# EXERCISE PROMPT:
A single figure is required: the number of lines in the data below that hold the word "streaming".

[Records from a dataset]
= Beginning of Section =

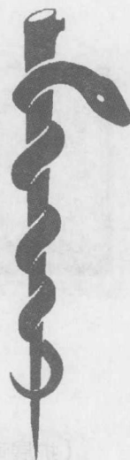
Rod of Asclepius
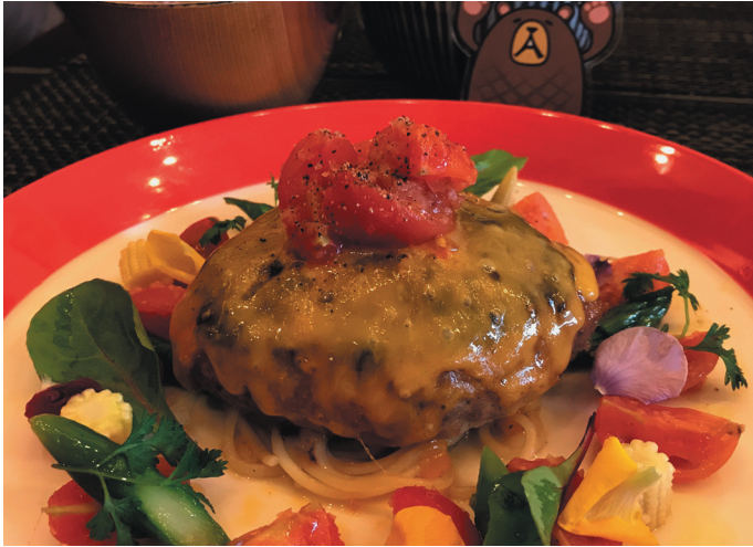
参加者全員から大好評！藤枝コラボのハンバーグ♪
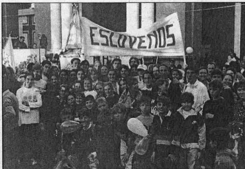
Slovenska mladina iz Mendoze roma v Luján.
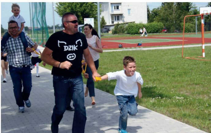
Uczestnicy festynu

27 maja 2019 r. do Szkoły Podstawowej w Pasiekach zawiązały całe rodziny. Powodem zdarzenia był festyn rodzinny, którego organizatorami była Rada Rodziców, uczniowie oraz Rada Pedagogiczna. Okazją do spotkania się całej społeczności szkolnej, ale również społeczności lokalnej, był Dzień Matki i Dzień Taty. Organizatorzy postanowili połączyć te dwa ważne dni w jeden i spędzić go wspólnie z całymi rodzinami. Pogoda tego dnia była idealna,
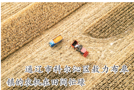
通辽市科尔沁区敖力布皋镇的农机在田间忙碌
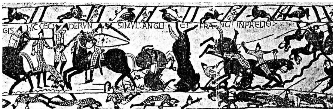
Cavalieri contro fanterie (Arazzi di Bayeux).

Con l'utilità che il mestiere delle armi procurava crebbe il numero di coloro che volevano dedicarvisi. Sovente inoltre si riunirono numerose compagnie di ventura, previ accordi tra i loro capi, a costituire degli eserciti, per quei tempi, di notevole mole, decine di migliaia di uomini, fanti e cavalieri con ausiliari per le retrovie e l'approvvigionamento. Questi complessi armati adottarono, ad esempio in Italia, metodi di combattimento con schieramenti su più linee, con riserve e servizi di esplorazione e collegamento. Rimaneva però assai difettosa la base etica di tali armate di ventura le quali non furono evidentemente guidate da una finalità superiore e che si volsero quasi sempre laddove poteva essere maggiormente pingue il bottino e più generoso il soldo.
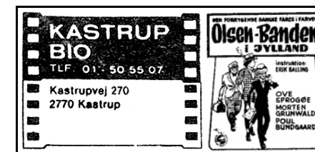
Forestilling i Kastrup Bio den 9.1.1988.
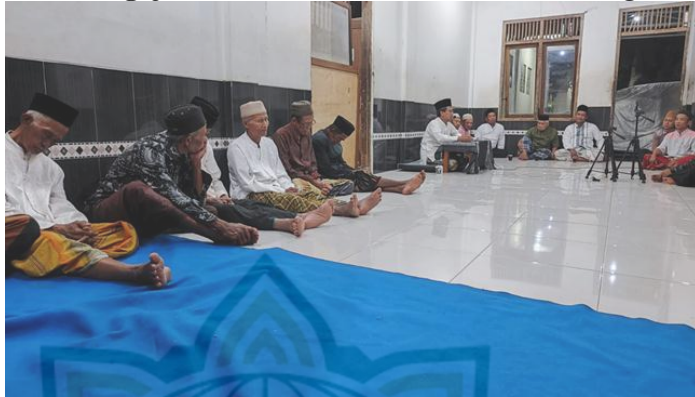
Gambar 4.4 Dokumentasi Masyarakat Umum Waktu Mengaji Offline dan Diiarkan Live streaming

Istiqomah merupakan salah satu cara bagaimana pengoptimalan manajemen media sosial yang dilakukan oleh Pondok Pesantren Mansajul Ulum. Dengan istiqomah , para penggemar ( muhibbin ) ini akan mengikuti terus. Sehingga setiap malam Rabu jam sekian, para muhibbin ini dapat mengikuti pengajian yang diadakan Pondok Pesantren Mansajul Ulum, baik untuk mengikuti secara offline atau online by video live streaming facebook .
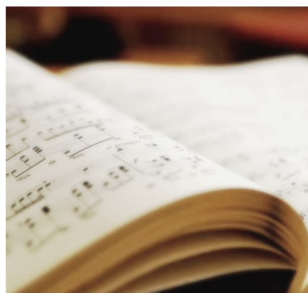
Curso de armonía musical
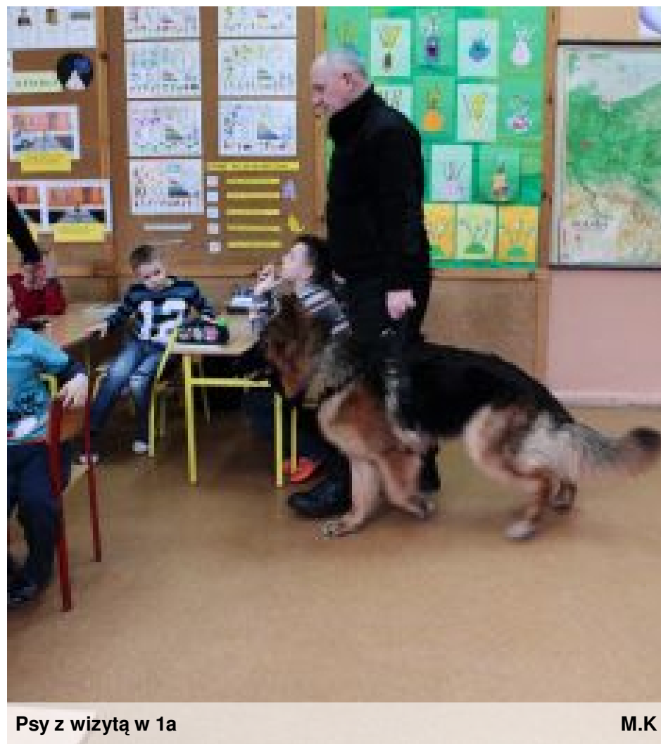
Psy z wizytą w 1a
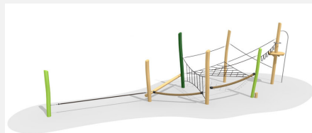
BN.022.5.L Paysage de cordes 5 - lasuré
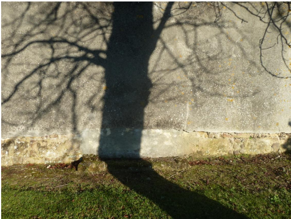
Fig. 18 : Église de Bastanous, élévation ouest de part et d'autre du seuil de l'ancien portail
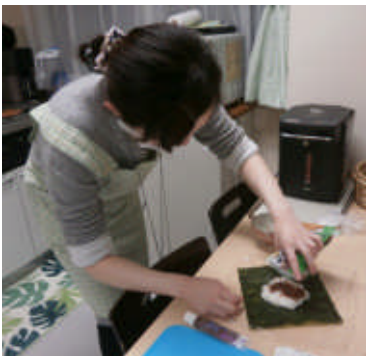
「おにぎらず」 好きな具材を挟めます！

= End of Section =

# WRITTEN RESPONSE:
2